TOKYO, May 23 (Xinhua) -- "The inheritance of traditional Tibetan culture as a way to get rid of poverty, and fostering a new industry through the inheritance of Thang-ka painting technology, so as to promote the region's revitalization and development, is such a great deed," said Japanese documentary director Takashi Inoue.

He made the remarks in an interview with Xinhua in Tokyo about his work, a China-Japan co-produced documentary called "The land of sky, home of the Thang-ka painters," which was re-broadcast on NHK on Sunday.

Born in 1952, Inoue graduated from Waseda University and started working in NHK in 1976, focusing on filming documentaries in the areas of history, culture, art and others. He currently works as an honorary professor at Tokyo University of the Arts and a columnist.

When the documentary "The land of sky, home of the Thang-ka painters" was broadcast on various channels of NHK in March, the exquisite art of Thang-ka and the story of young Tibetan people's unremitting effort and self-improvement struggle have moved many Japanese audiences, winning a good reputation for the documentary.

Japanese viewers have been giving the documentary high marks on social media.

"I have a goal to see the real Thang-ka before I die!" "These young people who do not give up to the environment or the climate, who can embrace their dreams in the face of adversity and grow tenaciously are really remarkable. It is really a tour de force," they commented.

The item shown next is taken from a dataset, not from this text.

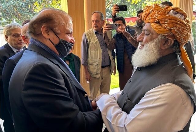 لاہور:نواز شریف اور فضل الرحمان کے درمیان اہم ملاقات ہوئی ہے جس میں انتخابات میں سیٹ ایڈجسمنٹ کے فارمولے پر بات ہوئی جبکہ دونوں جماعتوں نے عام انتخابات ملکر لڑنے مشترکہ صدارتی امیدوار لانے پر اتفاق ہوا ہے۔ پاکستان مسلم لیگ (ن) کے قائد محمد نواز شریف اور پی ڈی ایم کے سربراہ مولانا فضل الرحمن کے درمیان مسلم لیگ ن کے سیکرٹریٹ ماڈل ٹاون میں ملاقات ہوئی۔

Speaking about the reasons for the popularity of the documentary among Japanese audiences, Inoue said that they are very interested in Tibetan culture, and the stories of the documentary's hero and heroine are very touching.

"Through the hard work and study at the art institute, the heroine became a well-known technician of Thang-ka craft and ushered in a great change in life. The hero, who used to be a 'troubled teenager,' cleansed his spirit and created a brand new self through painting. Their struggle and growth are themes that resonate with not only Chinese and Japanese audiences, but also global audiences," the director said.

Inoue said the documentary also conveyed his new understanding of China that China is always committed to cultural preservation.

In the 1990s, Inoue traveled almost all over China for a documentary series on China's reform and opening up. He said he has witnessed China's changes firsthand.

Inoue said that what deserves attention is China's inheritance and protection of traditional culture.

"In the process of modernization, it is easy to gradually ignore some traditional cultures. I have noticed that the Chinese government has made great efforts in cultural protection to revitalize traditional culture. It's a great deed. More and more people are recognizing the value of traditional Tibetan culture," he said.

Inoue said he believes that to pass on painting skills and protect traditional culture is not only the revitalization of culture, but also the revival of tradition and a way to get rid of poverty.

The persistence and efforts of Tibetan youths in inheriting traditional culture are touching, he said. "I want to be able to pass on these emotions to Japan and hope that young Japanese people can get inspirations from them."

"The world China will face in the future may be more complicated, but there is no doubt that reform and opening up have borne fruitful results in China," said the Japanese director.

"On May 20, we started filming the documentary 'Return of the antiques,' which is a cooperation with China," the director said with great anticipation. Enditem

(Web editor: Meng Bin, Bianji)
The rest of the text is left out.